Potential users of this functionality are plugins continuously querying endpoints with information of a previous query (e.g. timestamps, offsets, transaction tokens, etc.) The following plugins are known to have an internal state. This is not a comprehensive list.

  • inputs.win_eventlog (PR #8281)
  • inputs.docker_log (PR #7749)
  • inputs.tail (file offset)
  • inputs.cloudwatch (windowStart/windowEnd parameters)
  • inputs.stackdriver (prevEnd parameter)

Plugin ID computation

The plugin ID is computed based on the configuration options specified for the plugin instance. To generate the ID all settings are extracted as string key-value pairs with the option name being the key and the value being the configuration option setting. For nested configuration options, e.g. if the plugins has a sub-table, the options are flattened with a canonical key. The canonical key elements must be concatenated with a dot (.) separator. In case the sub-element is a list of tables, the key must include the index of each table prefixed by a hash sign i.e. <parent>#<index>.<child>.

The resulting key-value pairs of configuration options are then sorted by the key in lexical order to make the resulting ID invariant against changes in the order of configuration options. The key and the value of each pair are joined by a colon (:) to a single string.

Finally, a SHA256 sum is computed across all key-value strings separated by a null byte. The HEX representation of the resulting SHA256 is used as the plugin instance ID.

State serialization format

The overall Telegraf state maps the plugin IDs (keys) to the serialized state of the corresponding plugin (values). The state data returned by stateful plugins is serialized to JSON. The resulting byte-sequence is used as the value for the overall state. On-disk, the overall state of Telegraf is stored as JSON.

To restore the state of a plugin, the overall Telegraf state is first deserialized from the on-disk JSON data and a lookup for the plugin ID is performed in the resulting map.
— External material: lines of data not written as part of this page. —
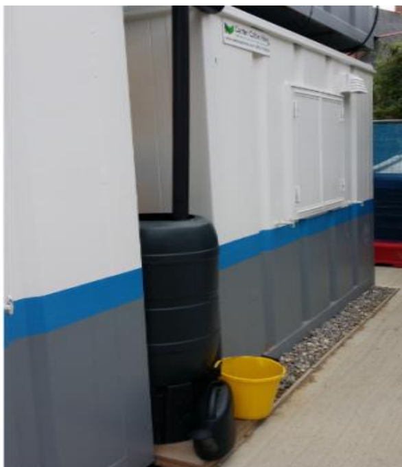
Photo: Rainwater Harvesting
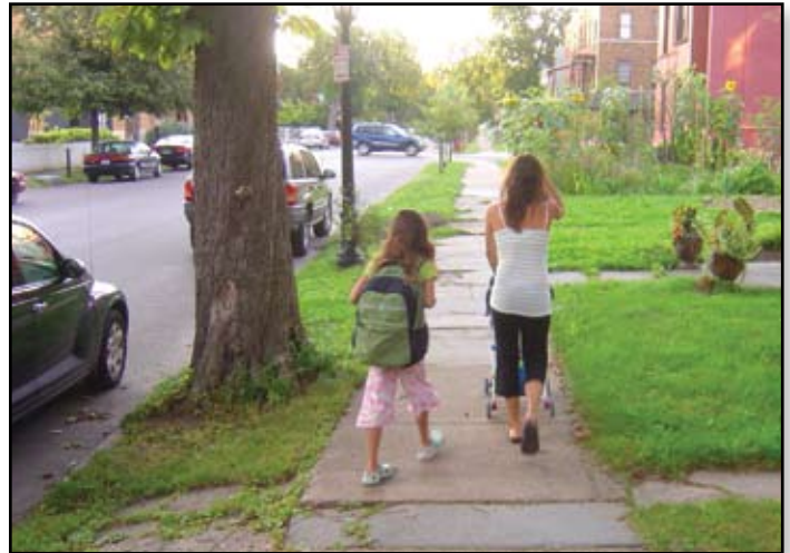
Walking to Hamlin Park School

The Hamlin Park community is also part of the "Neighborhood of Choice" program. This program was established by the City of Buffalo to facilitate the revitalization of the Hamlin
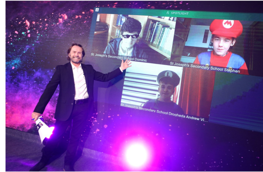
The TY Build-A-Bank team on their conference call during the competition

Due to Covid-19, The AIB Build a Bank Competition in the RDS was cancelled for this year. However, AIB decided not to let all our hard work go to waste. They adapted to hold the competition online over conference calls.
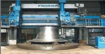
Steel Machinery Castings

The value, if found, is then deserialized to the plugin's state data-structure and provided to the plugin after calling Init().

Is / Is-not

Is

  • A framework to persist states over restarts of Telegraf
  • A simple local state store
  • A way to restore plugin states between restarts without configuration changes
  • A unified API for plugins to use when requiring persistence of a state

Is-Not

  • A remote storage framework
  • A way to store anything beyond fundamental plugin states
  • A data-store or database
  • A way to reassign plugin states if their configuration changes
  • A tool to interactively adding/removing/modifying states of plugins
  • A persistence guarantee beyond clean shutdown (i.e. no crash resistance)

Prior art

  • PR #8281: Stores Windows event-log bookmarks in the registry
  • PR #7749: Stores container ID and log offset to a file at a user-provided path
  • PR #7537: Provides a global state object and periodically queries plugin states to store the state object to a JSON file. This approach does not provide a ID per plugin instance so it seems like there is only a single state for a plugin type
  • PR #9476: Register stateful plugins to persister and automatically assigns an ID to plugin instances based on the configuration. The approach also allows to overwrite the automatic ID e.g. with user specified data. It uses the plugin instance ID to store/restore state to the same plugin instance and queries the plugin state on shutdown and write file (currently JSON).